● EXERCISE OBJECTIVE
Pictures are to be omitted. Output only the lines from the one containing "Konektor distribusi air" through the end of the data, word for word.

● INFORMATION PROVIDED
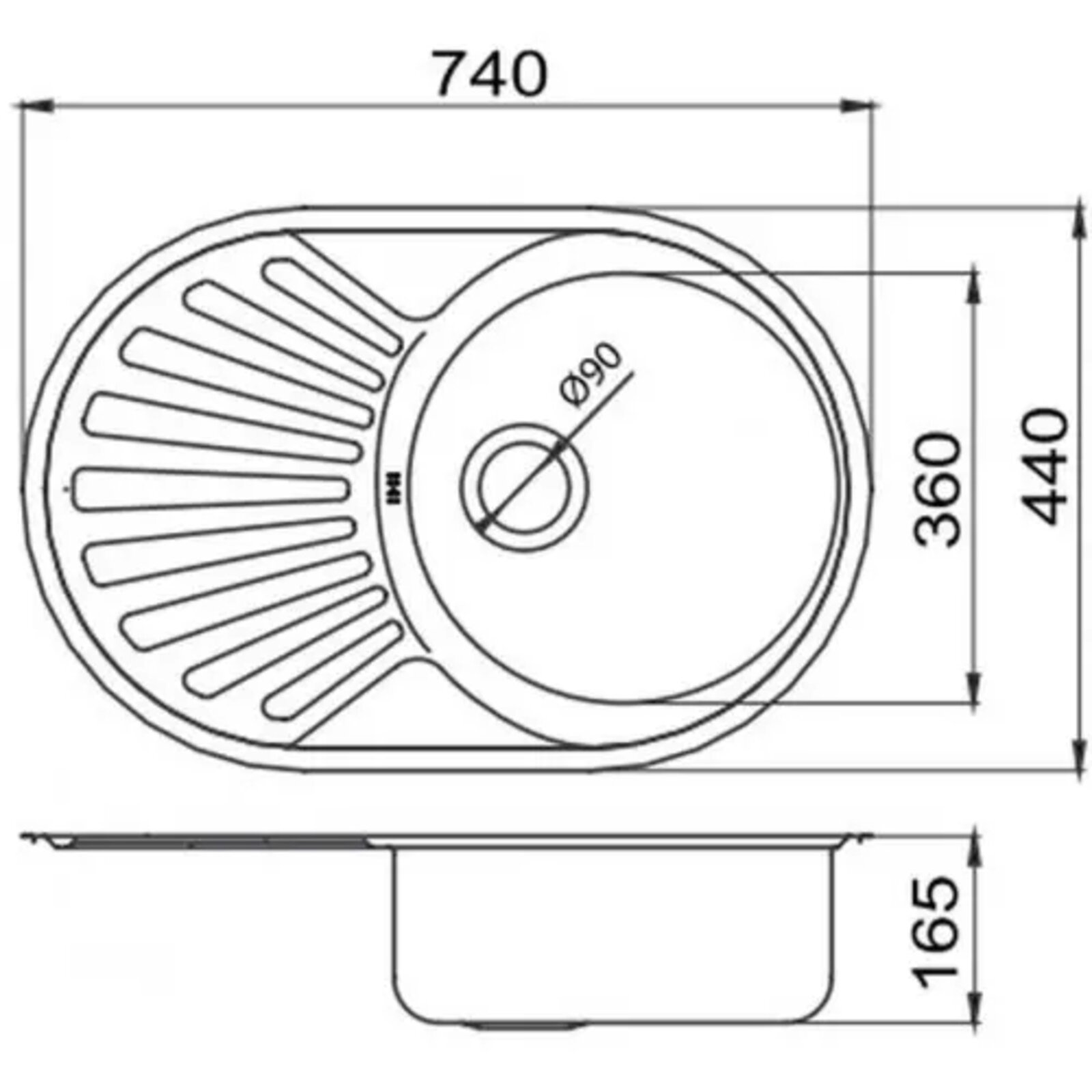 Kuchyňský dřez Novaservis nerezový, 74x44 cm, s odkapem, s přepadem, nerez, DR44/74
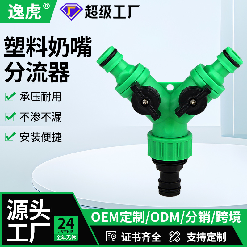 Konektor distribusi air keran kawat Luar 1 menit 2 splitter puting gigi internal 6 poin 4 titik hijau plastik pasokan pabrik
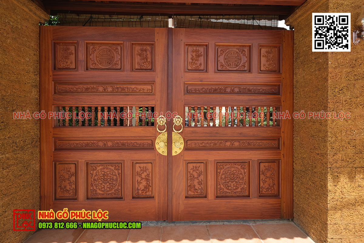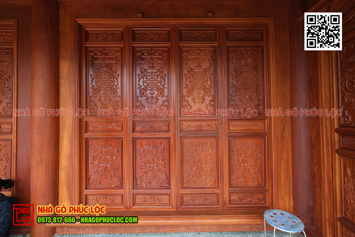 Một trong những mẫu hoa văn đẹp và ấn tượng trên nhà gỗ cổ truyền là ngũ phúc lâm môn. Thường được chạm trên cửa bức bàn của ngôi nhà gỗ truyền thống. Đây là hình tượng của 5 con dơi vây quanh chữ ‘phúc’. Ý nghĩa của hoa văn này là mong muốn gia chủ luôn được bình an, may mắn và hạnh phúc.

● SOLUTION FOR THIS TASK
 Konektor distribusi air keran kawat Luar 1 menit 2 splitter puting gigi internal 6 poin 4 titik hijau plastik pasokan pabrik
 Một trong những mẫu hoa văn đẹp và ấn tượng trên nhà gỗ cổ truyền là ngũ phúc lâm môn. Thường được chạm trên cửa bức bàn của ngôi nhà gỗ truyền thống. Đây là hình tượng của 5 con dơi vây quanh chữ ‘phúc’. Ý nghĩa của hoa văn này là mong muốn gia chủ luôn được bình an, may mắn và hạnh phúc.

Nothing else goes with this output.